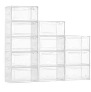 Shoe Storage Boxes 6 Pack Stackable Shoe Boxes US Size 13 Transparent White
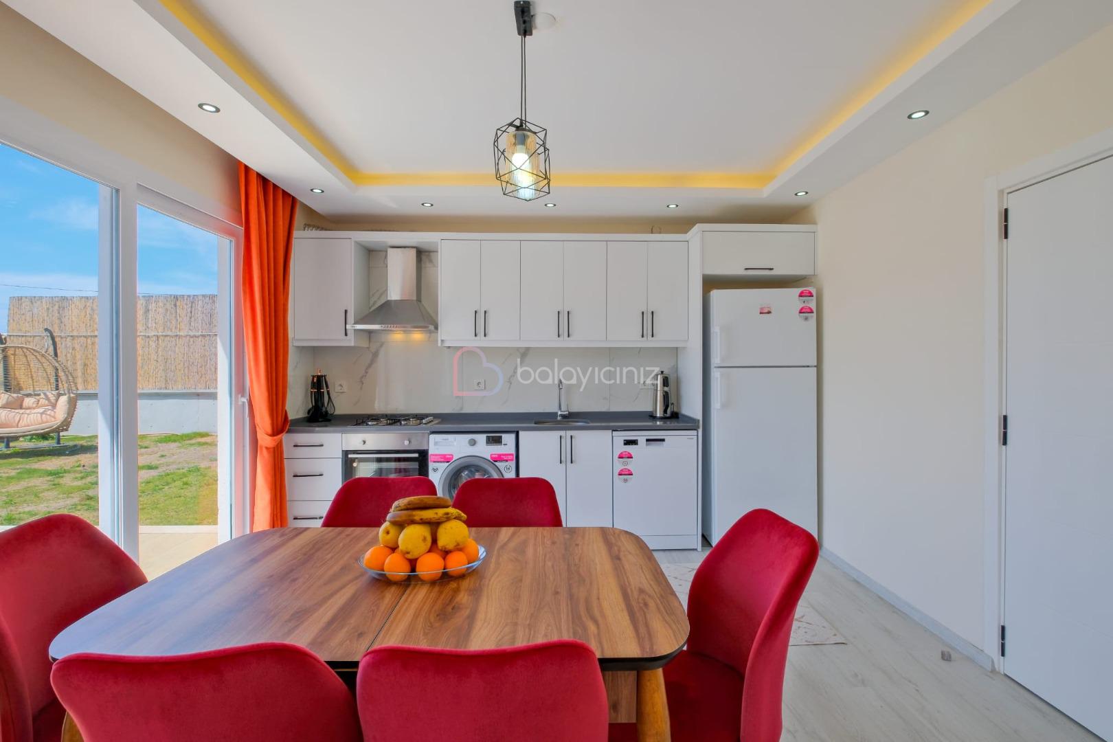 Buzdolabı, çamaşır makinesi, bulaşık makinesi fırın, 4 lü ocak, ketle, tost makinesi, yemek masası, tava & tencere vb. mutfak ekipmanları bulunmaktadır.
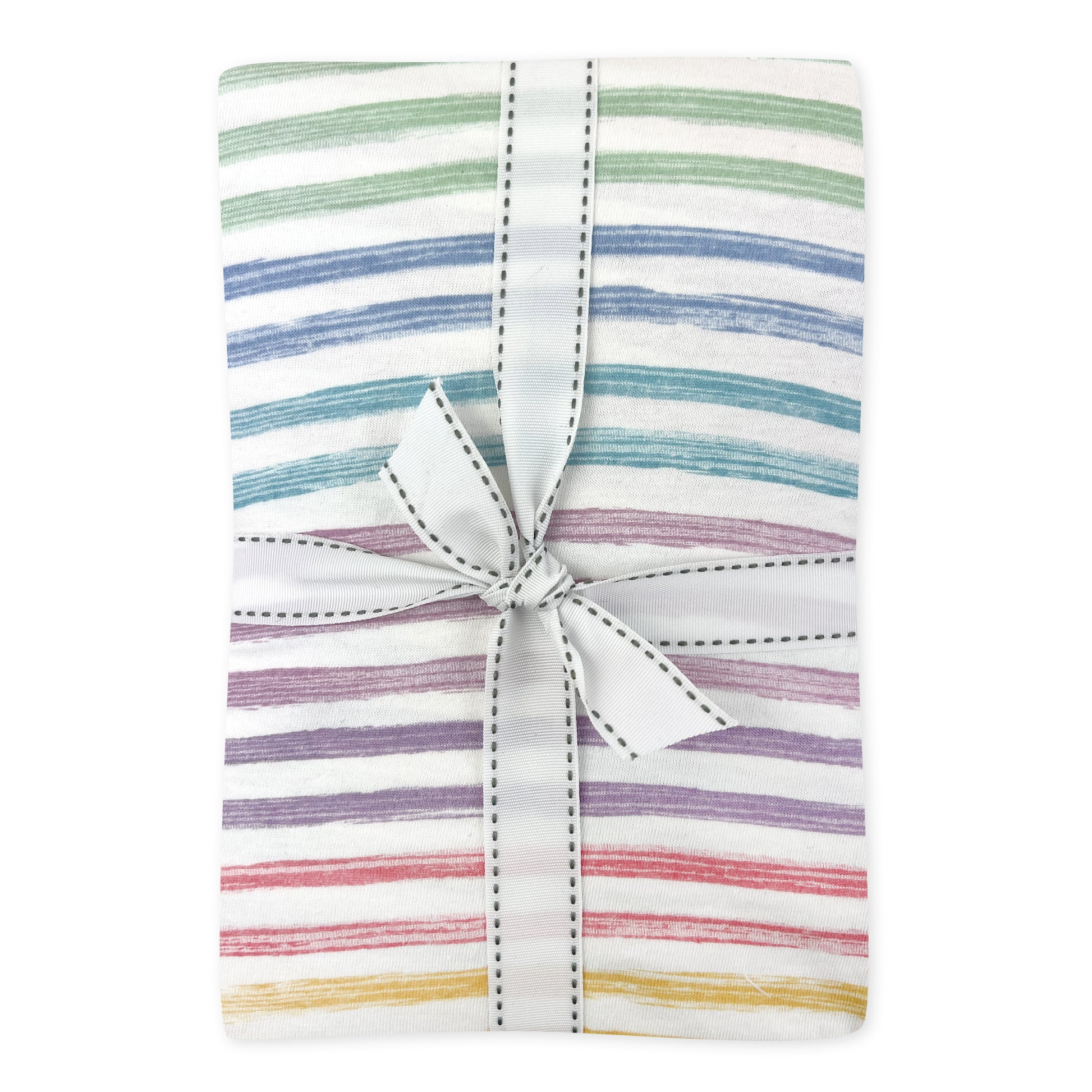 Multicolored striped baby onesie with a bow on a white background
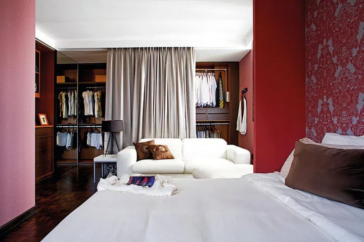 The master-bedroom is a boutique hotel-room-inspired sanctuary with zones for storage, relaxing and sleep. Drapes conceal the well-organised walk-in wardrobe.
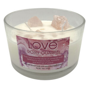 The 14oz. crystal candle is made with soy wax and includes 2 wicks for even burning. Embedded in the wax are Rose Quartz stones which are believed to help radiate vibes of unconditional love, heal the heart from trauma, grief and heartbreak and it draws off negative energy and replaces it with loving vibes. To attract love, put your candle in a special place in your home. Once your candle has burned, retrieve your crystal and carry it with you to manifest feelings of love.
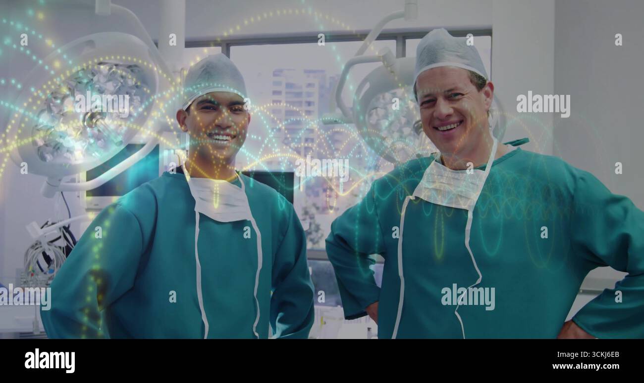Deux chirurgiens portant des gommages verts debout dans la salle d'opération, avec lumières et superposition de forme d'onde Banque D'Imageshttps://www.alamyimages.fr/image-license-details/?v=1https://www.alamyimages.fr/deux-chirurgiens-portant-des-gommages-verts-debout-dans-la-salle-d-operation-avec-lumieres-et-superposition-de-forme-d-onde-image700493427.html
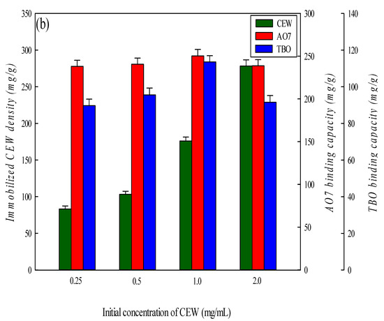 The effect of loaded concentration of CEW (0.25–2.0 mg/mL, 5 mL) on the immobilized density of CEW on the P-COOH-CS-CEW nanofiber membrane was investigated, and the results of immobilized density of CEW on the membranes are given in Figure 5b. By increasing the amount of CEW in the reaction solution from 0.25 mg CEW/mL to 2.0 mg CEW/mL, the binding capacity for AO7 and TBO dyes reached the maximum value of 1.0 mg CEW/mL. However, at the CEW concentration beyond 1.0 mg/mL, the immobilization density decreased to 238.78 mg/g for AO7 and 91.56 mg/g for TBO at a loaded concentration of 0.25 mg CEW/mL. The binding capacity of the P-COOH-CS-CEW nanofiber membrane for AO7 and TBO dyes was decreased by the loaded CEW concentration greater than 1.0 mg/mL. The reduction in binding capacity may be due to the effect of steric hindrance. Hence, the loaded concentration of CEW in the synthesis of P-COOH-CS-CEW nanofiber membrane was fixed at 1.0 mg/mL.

* * *

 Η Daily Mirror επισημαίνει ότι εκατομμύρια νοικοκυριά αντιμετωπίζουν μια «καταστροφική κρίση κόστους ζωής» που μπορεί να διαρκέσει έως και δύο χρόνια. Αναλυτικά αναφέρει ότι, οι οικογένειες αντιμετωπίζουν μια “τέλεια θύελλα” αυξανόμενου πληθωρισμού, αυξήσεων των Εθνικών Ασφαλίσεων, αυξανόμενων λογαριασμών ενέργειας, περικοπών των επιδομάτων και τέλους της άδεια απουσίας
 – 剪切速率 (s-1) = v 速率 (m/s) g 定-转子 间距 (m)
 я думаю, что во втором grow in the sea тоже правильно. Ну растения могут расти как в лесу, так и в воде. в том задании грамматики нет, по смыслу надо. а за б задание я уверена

What you will do -
Only the lines above from the one containing "Shoe Storage Boxes" through the one containing "The master-bedroom is" should be returned, verbatim and inclusive, with pictures excluded.

Exercise result -
 Shoe Storage Boxes 6 Pack Stackable Shoe Boxes US Size 13 Transparent White
 Buzdolabı, çamaşır makinesi, bulaşık makinesi fırın, 4 lü ocak, ketle, tost makinesi, yemek masası, tava & tencere vb. mutfak ekipmanları bulunmaktadır.
 Multicolored striped baby onesie with a bow on a white background
 The master-bedroom is a boutique hotel-room-inspired sanctuary with zones for storage, relaxing and sleep. Drapes conceal the well-organised walk-in wardrobe.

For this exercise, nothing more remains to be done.